Records for processing =>
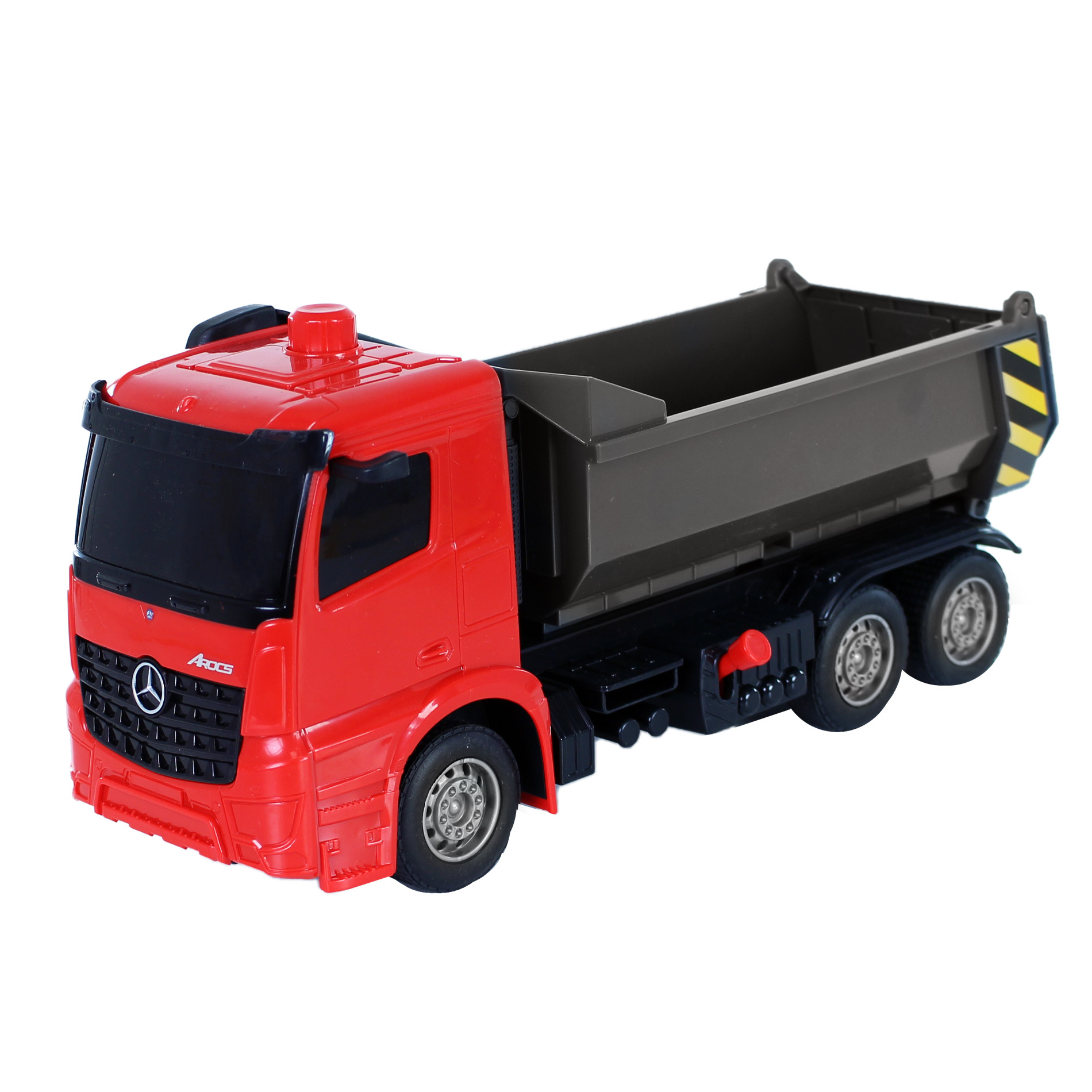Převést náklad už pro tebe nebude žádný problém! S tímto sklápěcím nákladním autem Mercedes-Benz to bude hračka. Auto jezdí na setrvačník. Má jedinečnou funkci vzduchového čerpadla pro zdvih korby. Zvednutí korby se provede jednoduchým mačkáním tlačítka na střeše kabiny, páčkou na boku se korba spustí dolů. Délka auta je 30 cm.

* * *

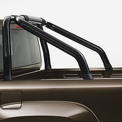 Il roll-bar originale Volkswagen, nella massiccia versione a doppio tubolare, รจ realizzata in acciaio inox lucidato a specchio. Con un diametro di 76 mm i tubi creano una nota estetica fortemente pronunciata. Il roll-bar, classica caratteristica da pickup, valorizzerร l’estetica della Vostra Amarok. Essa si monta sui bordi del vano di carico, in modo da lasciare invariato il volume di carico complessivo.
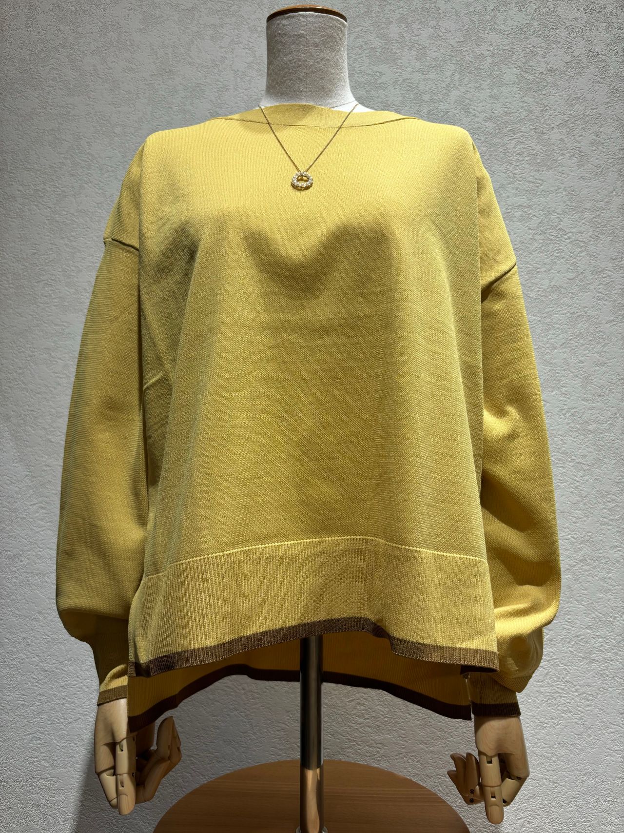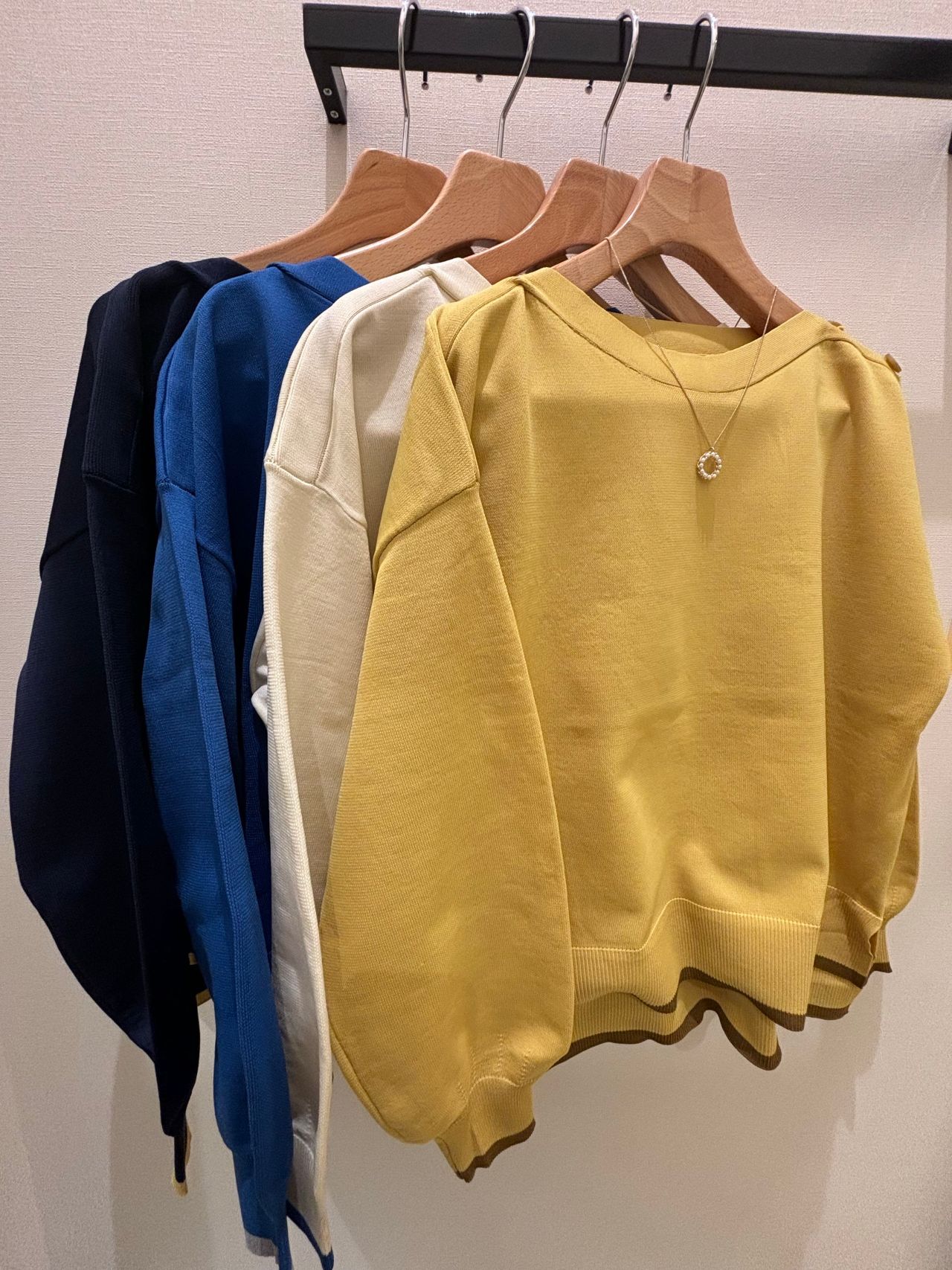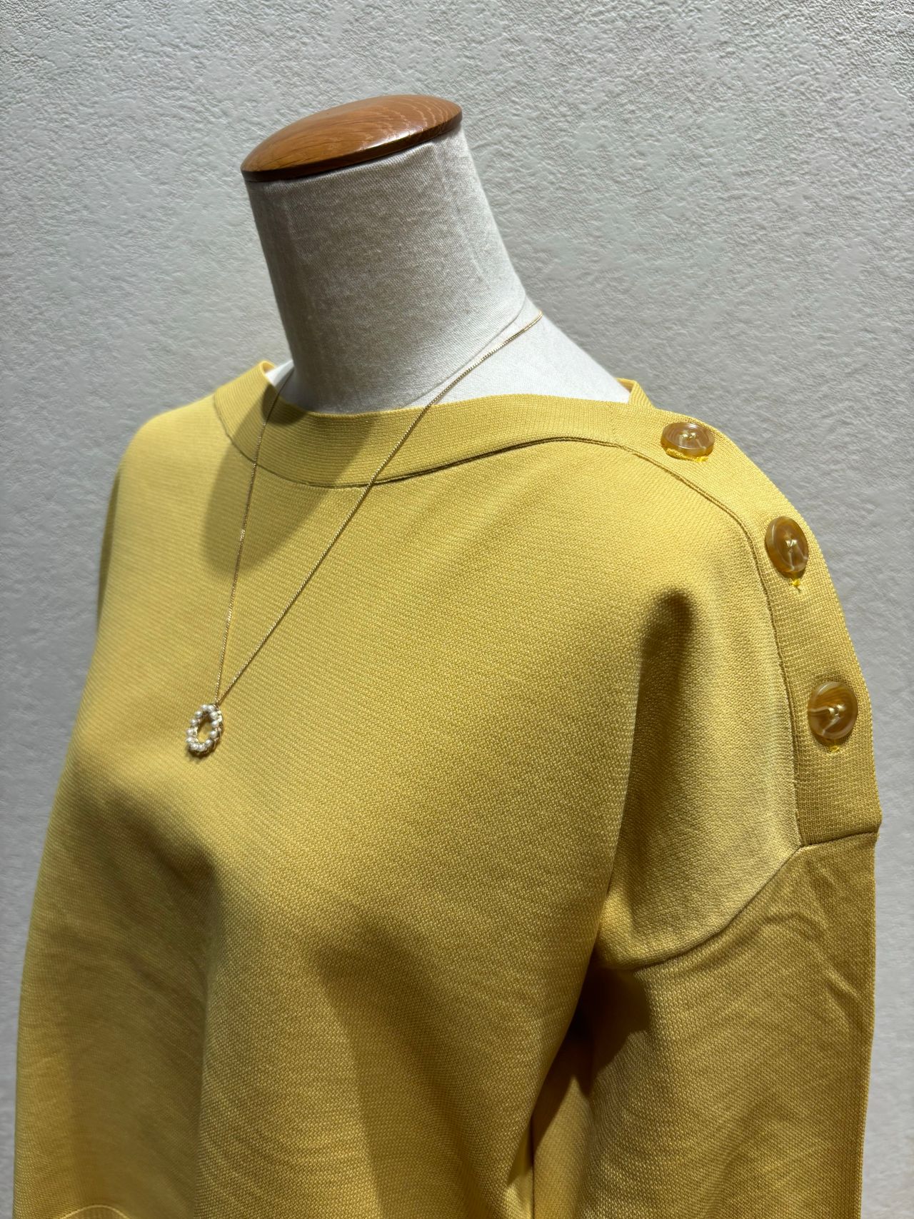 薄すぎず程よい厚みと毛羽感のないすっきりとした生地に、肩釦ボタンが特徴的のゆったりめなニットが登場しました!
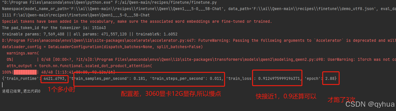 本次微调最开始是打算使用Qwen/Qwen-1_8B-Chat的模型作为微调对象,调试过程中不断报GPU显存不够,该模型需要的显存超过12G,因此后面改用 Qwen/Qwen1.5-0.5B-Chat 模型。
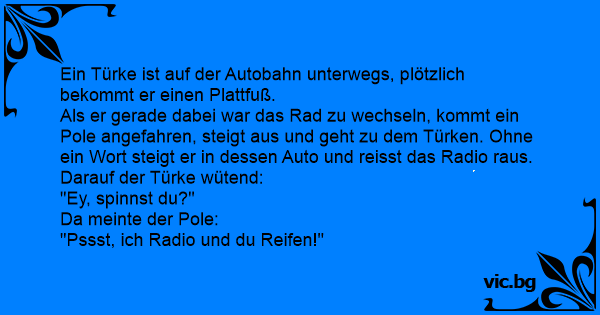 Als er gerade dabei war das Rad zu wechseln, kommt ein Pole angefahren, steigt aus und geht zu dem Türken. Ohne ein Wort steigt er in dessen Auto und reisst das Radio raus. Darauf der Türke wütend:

---

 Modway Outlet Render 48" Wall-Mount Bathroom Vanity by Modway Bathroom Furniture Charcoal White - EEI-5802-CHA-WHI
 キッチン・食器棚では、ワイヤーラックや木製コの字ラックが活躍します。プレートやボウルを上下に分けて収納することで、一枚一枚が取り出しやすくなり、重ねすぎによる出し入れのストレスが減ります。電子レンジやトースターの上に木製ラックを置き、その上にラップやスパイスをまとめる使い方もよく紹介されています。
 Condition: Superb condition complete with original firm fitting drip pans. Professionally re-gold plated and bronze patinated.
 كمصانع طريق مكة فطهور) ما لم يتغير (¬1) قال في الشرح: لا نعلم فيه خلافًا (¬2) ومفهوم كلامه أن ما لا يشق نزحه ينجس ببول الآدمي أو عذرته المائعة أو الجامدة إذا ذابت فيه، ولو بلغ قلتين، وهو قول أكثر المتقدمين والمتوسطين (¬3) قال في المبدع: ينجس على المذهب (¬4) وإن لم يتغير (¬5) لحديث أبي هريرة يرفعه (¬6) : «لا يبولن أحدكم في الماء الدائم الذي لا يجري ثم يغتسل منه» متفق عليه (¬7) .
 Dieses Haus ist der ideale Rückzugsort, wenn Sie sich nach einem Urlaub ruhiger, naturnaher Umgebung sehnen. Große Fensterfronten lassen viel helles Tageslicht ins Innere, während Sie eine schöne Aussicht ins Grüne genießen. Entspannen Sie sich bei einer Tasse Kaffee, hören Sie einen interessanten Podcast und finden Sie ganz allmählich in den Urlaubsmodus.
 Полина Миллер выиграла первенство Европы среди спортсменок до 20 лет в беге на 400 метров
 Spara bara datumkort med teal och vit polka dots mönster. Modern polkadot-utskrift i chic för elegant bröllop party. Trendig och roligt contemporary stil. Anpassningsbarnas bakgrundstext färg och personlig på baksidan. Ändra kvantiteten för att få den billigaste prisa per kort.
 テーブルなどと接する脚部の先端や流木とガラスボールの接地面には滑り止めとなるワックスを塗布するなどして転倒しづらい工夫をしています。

Problem =>
Within the listing above, the range opens at the line with "Полина Миллер выиграла" and closes at the line with "テーブルなどと接する脚部の先". Reproduce exactly the lines of that range, including both ends.

Exercise answer =>
 Полина Миллер выиграла первенство Европы среди спортсменок до 20 лет в беге на 400 метров
 Spara bara datumkort med teal och vit polka dots mönster. Modern polkadot-utskrift i chic för elegant bröllop party. Trendig och roligt contemporary stil. Anpassningsbarnas bakgrundstext färg och personlig på baksidan. Ändra kvantiteten för att få den billigaste prisa per kort.
 テーブルなどと接する脚部の先端や流木とガラスボールの接地面には滑り止めとなるワックスを塗布するなどして転倒しづらい工夫をしています。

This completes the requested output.